# TV doc series looking for expats



## mknightproducer

Hello,
I'm a television producer based in Toronto, Canada and we are currently in production for a network tv documentary series that explores driving and traffic in Mexico City. We are looking for expats who are living Mexico City and can share their driving and traffic experiences from Mexico City. We are looking for a wide range of stories from the hilarious to the harrowing. 
I'd love to hear from you. Please contact me at maria at propertelevision dot com. Thanks!


----------



## Isla Verde

mknightproducer said:


> Hello,
> I'm a television producer based in Toronto, Canada and we are currently in production for a network tv documentary series that explores driving and traffic in Mexico City. We are looking for expats who are living Mexico City and can share their driving and traffic experiences from Mexico City. We are looking for a wide range of stories from the hilarious to the harrowing.
> I'd love to hear from you. Please contact me at maria at propertelevision dot com. Thanks!

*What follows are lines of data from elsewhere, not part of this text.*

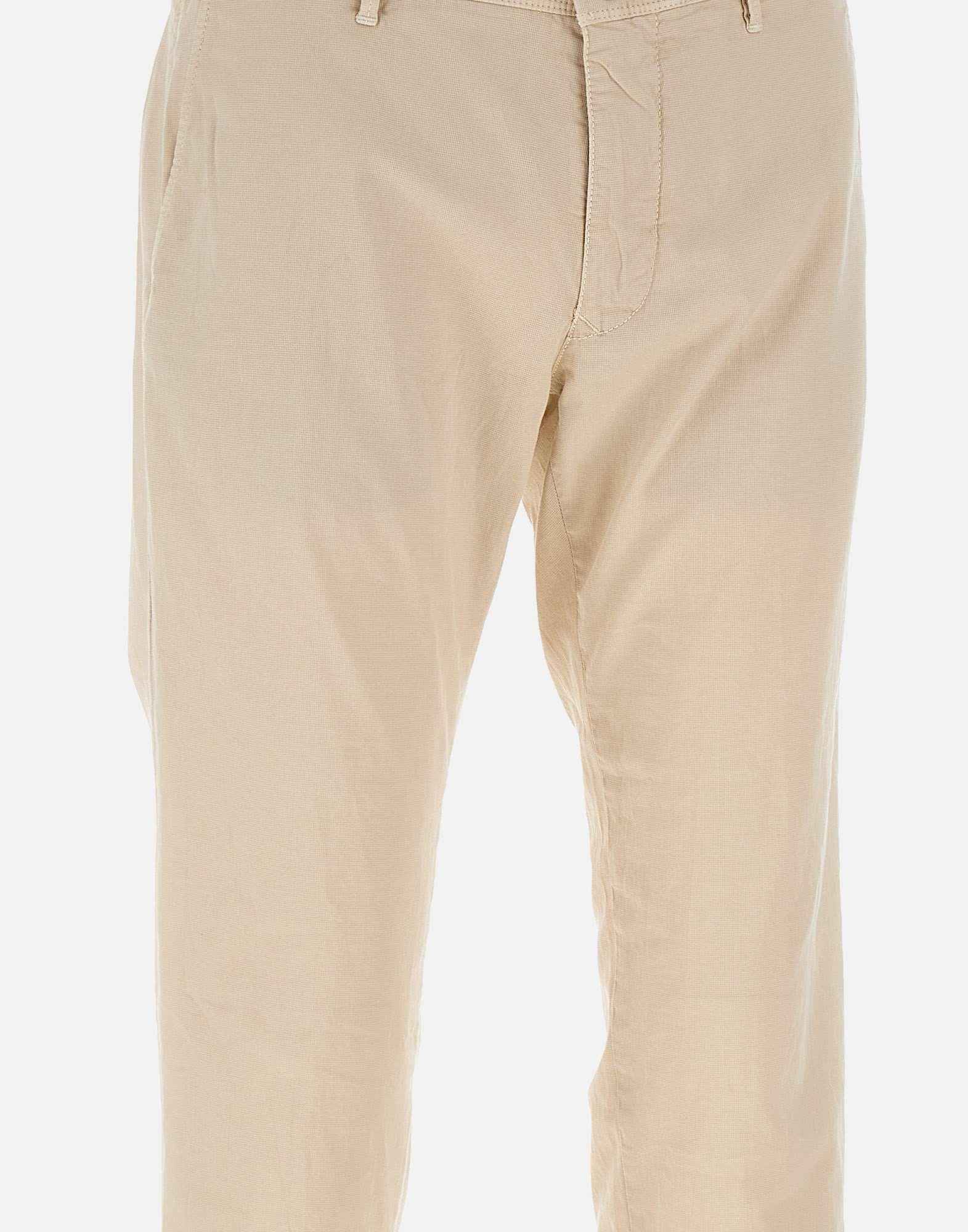 Pantaloni uomo Incotex Slacks "Slowear" in cotone, sabbia, chiusura con zip e bottone, vita con passanti per cintura, tasche laterali a filetto, due tasche monofiletto sul retro e mini logo a ricamo, gamba dritta, slim fit.
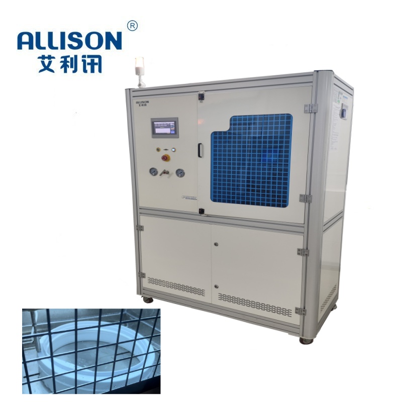 According to the relevant testing standards for washing machines, the equipment meets the requirements for static pressure, progressive pressure, burst and other pressure holding and ultimate pressure tests on products such as balance rings. The tested products are subjected to pressure holding/burst tests with a maximum water pressure of 0.1-5.0 Mpa. Using high-precision pressure sensors for pressure value collection and judgment. Pressure constant pressure control is carried out through a testing machine PLC, which reads and records pressure values in real-time and generates pressure curves. Perform pressure judgment, leakage judgment, pressure limit judgment, etc. by setting upper and lower limits. Complete relevant experiments through parameter setting and contro
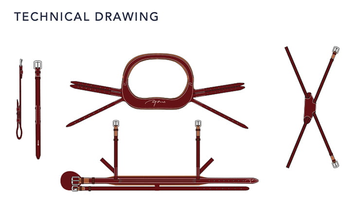 Nagłówek i naczółek zostały wykonane z jednego kawałka skóry, aby zmniejszyć nacisk na potylicę (1. i 2. kręg szyjny). Pasek podgardlany posiada dodatkowe zapięcie pod ganaszami połączone z nachrapnikiem, dzięki czemu stabilizuje ogłowie i sprawia, że nagłówek leży za drugim kręgiem szyjnym.
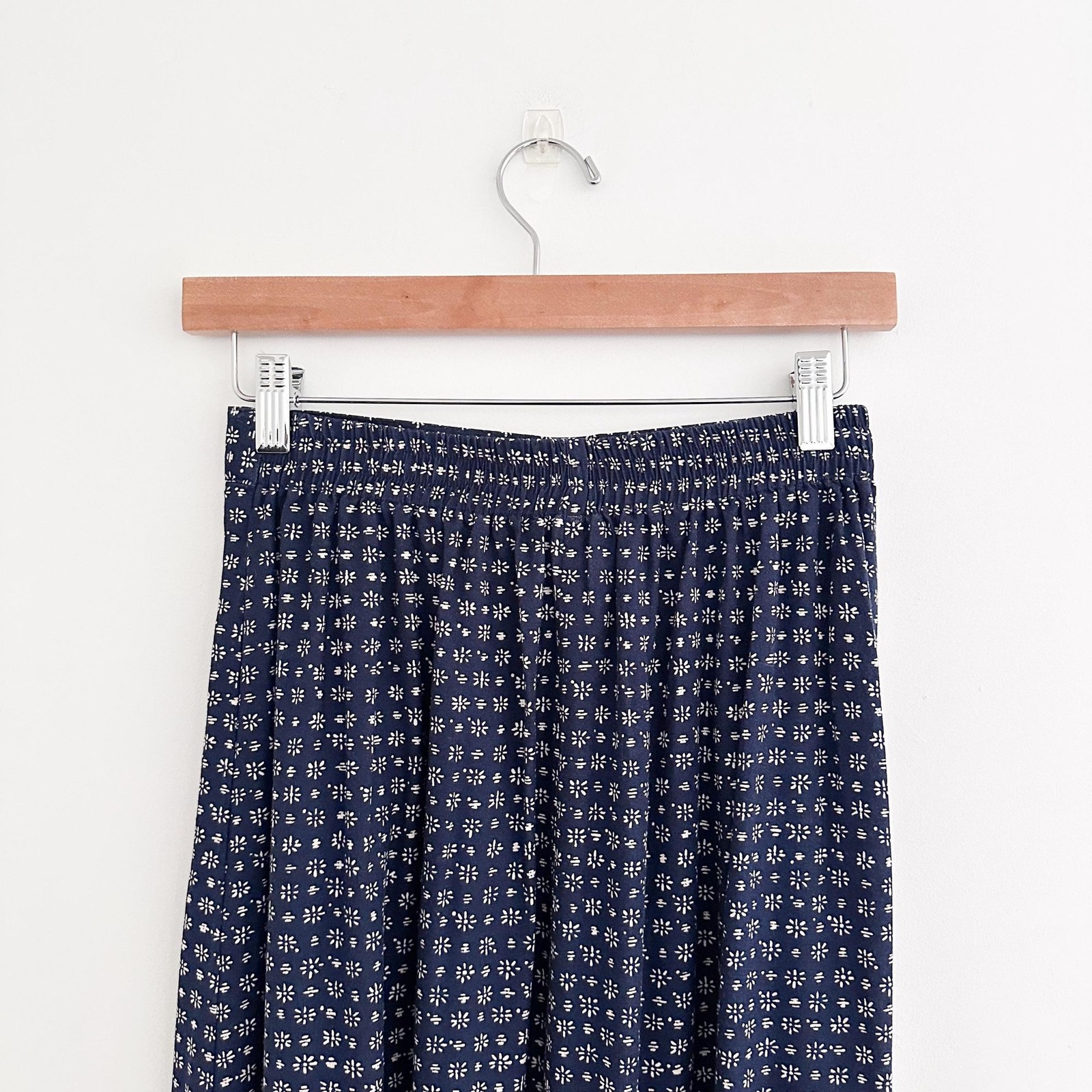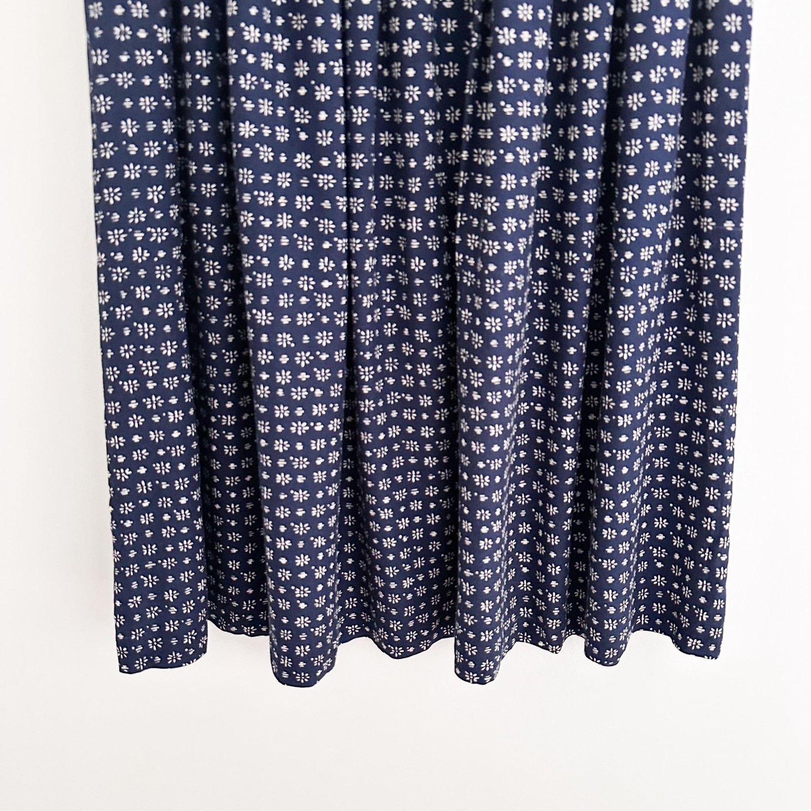 Vintage 90s Rayon Midi Skirt Navy Ditsy Floral Pleated Made in USA Size S
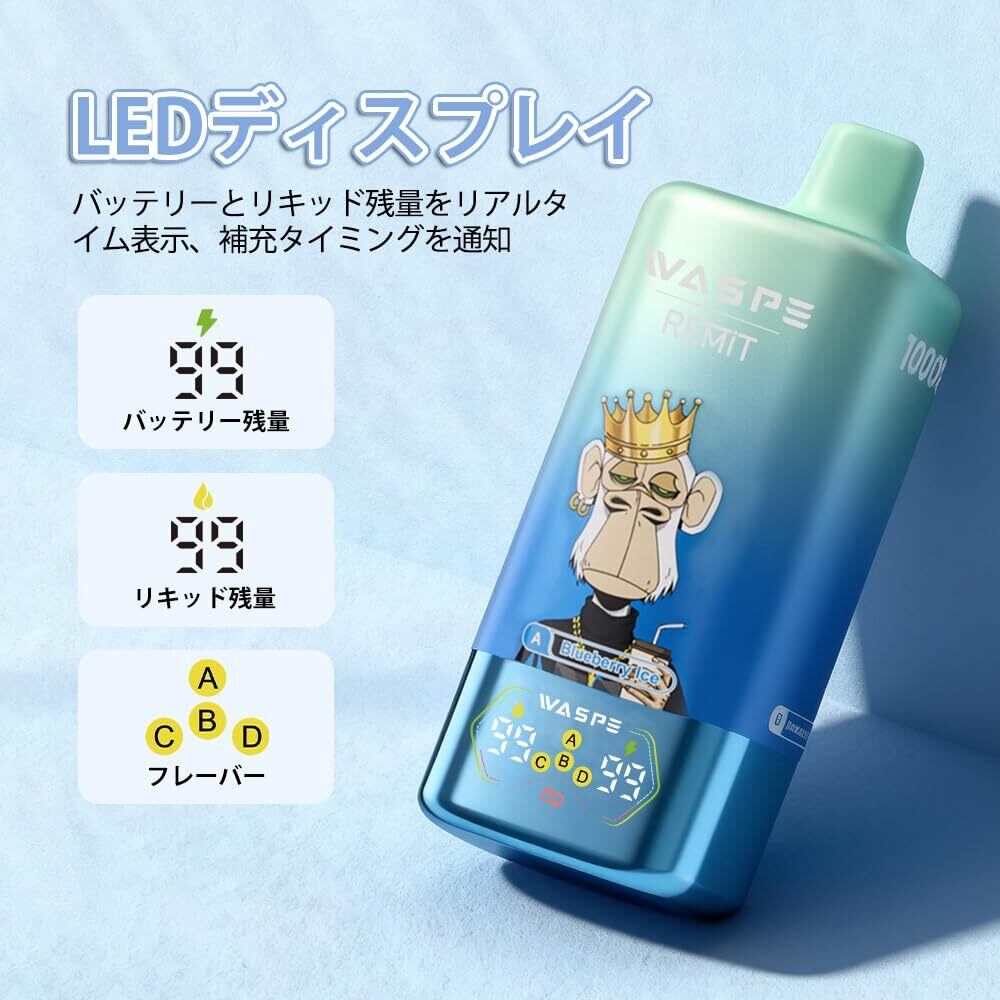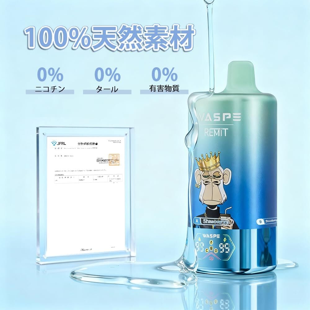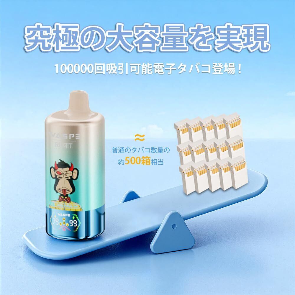 WASPE 100000は、なんと100,000パフの長寿命を誇る電子タバコです。豊富な2種類のデュアルメッシュコイルと高品質リキッドを使用し、ストロベリー・バナナやレッド・ブルなど、まさにフルーティーな体験を提供します。健康志向の方にも嬉しい、ニコチンとタールを含まないので安心して楽しめます。
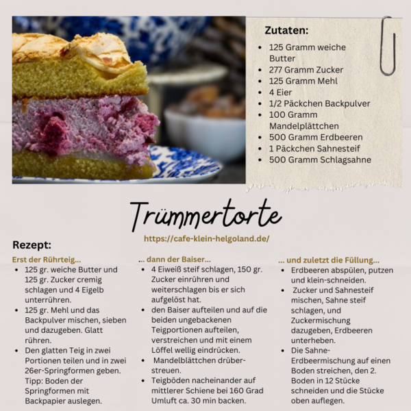 Ob du zur Trümmertorten-Fraktion gehörst oder ein begeisterter Friesentorten-Fan bist – beide Torten zaubern ein Stück Föhr direkt in dein Zuhause. Verwöhne dich und deine Liebsten doch einmal mit einer dieser originalen Föhrer Spezialitäten. Wir haben für dich zwei Inselrezepte gesucht & gefunden. Die Friesentorte haben wir gleich selbst gebacken nach einem Rezept der Familie und das Foto sowie das Rezept der Trümmertorte sind uns vom Café Klein Helgoland freundlicherweise zur Verfügung gestellt wurden. Viel Freude beim Nachbacken und Genießen!
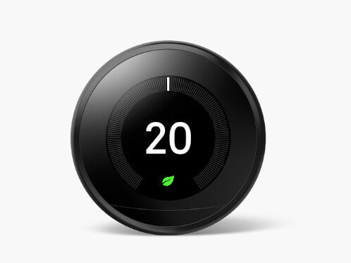 Smart thermostat Memory function. Wi-Fi. Display: LCD. Power source: AC. Temperature sensor Humidity sensor. Black. Programs itself. Saves energy.¹. Meet the 3rd-gen Nest Learning Thermostat. It has new rings and a big, sharp display. And hot water control.. Relax, we’ve got you covered.. The Nest Learning Thermostat should be installed by a professional. A Nest Pro will install it in the right location, connect the Heat Link and set it up for you. Nest Stand sold separately.. Your thermostat controls 60% of your energy bill. So shouldn’t it help you save energy?. The Nest thermostat does. Since 2011, we estimate that it’s saved over 39 billion kWh of energy in millions of homes worldwide.² Because it learns from you. It gets to know the temperature that you like when you’re at home. And turns itself down when you’re away. It even learns how your home warms up or how draughty it is, so it only uses the energy it needs. That’s how the Nest thermostat saves energy.. Your life with Nest.. The Nest Learning Thermostat automatically adapts as your life changes. Just use it for a week and it programs itself.. Control your hot water.. Now, you can control your hot water tank with the Nest Learning Thermostat. It comes with a hot water schedule — just adjust it from the Nest app. You can boost the heat so that you have extra hot water if you want it. And when you’re away from home for a few days, you don’t have to remember to turn off the hot water. The Nest Learning Thermostat will do it for you. Follow the Leaf.. Change the temperature to save energy and you’ll be rewarded with a Leaf. The Leaf learns how to help you save, so it appears at different temperatures for different families.. Nest Stand sold separately.. See how much you’ve saved.. Nest shows you how much energy you use every day in Energy History, and every month in your Home Report. So you can see when you use more energy, such as at the weekend or Monday nights, and how to use less.. It lights up when you walk into the room.. Now the Nest Learning Thermostat does something new. It’s called Farsight, and it lights up to show you the temperature, weather or time. You can even choose a digital or analogue clock face. Farsight is big and bright on the beautiful display – you can see it from across the room.. Quick view.. Press the display and turn the ring. You’ll see a summary of what your thermostat is up to and you can reach Settings, Energy History or your schedule.. Control from anywhere.. With the Nest app, your thermostat lives on your wall and in your pocket. Once you connect your thermostat to Wi-Fi, you can control it from anywhere. Adjust the temperature from the app, and the Nest Learning Thermostat adjusts quickly back at home.. Know that your home is safe.. What if it gets so cold that your boiler can’t keep up? Get an alert on your phone if your pipes could burst.. See if Nest will work in your home.. Nest is compatible with most central heating systems.. What’s the Nest Heat Link?. You’ll see the Nest Heat Link in the box with the Nest Learning Thermostat. They work with your boiler to control the temperature of your home. The Heat Link connects to your boiler wirelessly or with existing thermostat wires. Then it communicates with the Nest Learning Thermostat to turn on and off, or modulate the heat.. Features. Product colour. Black. Wi-Fi standards. 802.11b, 802.11g, Wi-Fi 4 (802.11n). Wi-Fi frequency. 2.4 GHz. Wi-Fi. Yes. Memory function. Yes. Smart thermostat. Yes. Display. Display. LCD. Display resolution. 480 x 480 pixels. Power. Power source. AC. Sensors. Temperature sensor. Yes. Ambient light sensor. Yes. Humidity sensor. Yes. Weight & dimensions. Height. 32 mm. Depth. 84 mm. Width. 84 mm. Meet the 3rd generation Nest Learning Thermostat
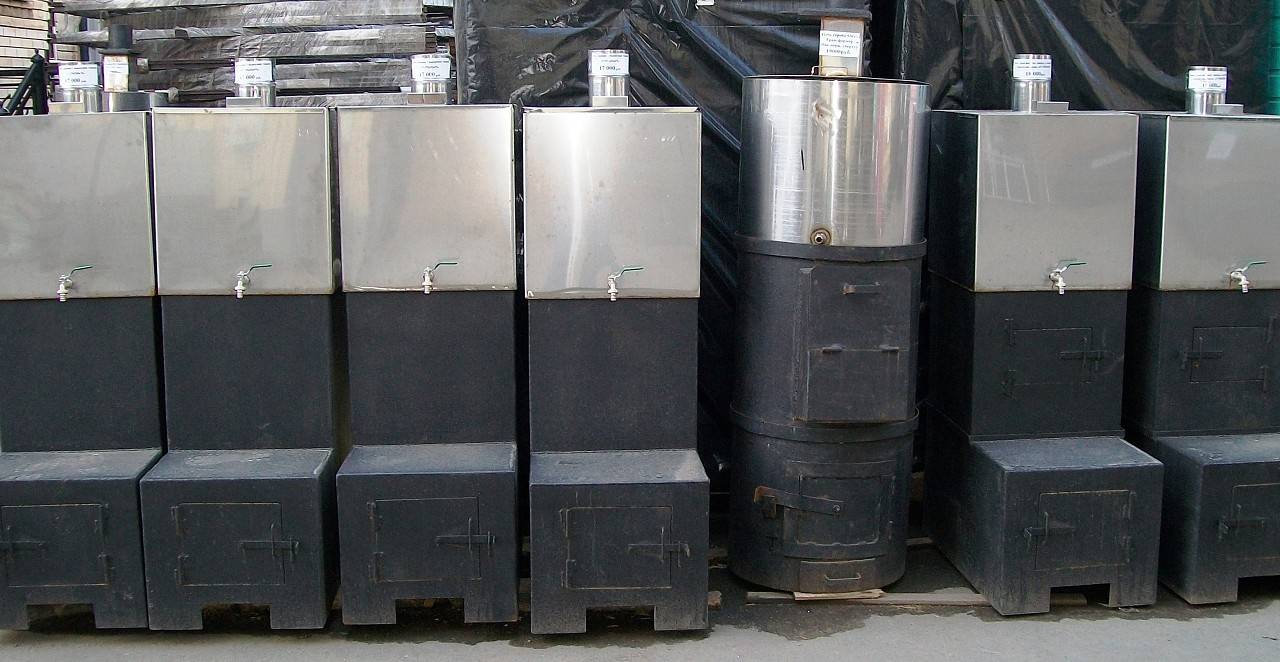 Печи для бани из трубы и стали. Конструкция печей одинакова – это корпус, разделенный на бак для воды, каменку, топку и зольник. Для разделенияя используются стальные листы и решетки. Из топки через бак и каменку выведена труба дымохода

I live in Mexico City but don't drive here, so I can't help you with your documentary. However, I am curious as to why you'd want to shoot an entire documentary on this topic. There are so many more interesting stories to tell about life in Mexico City!


----------



## DNP

Traffic in Mexico City is an old story.


----------



## Isla Verde

DNP said:


> Traffic in Mexico City is an old story.


And an entire documentary series about it would grow old very quickly!


----------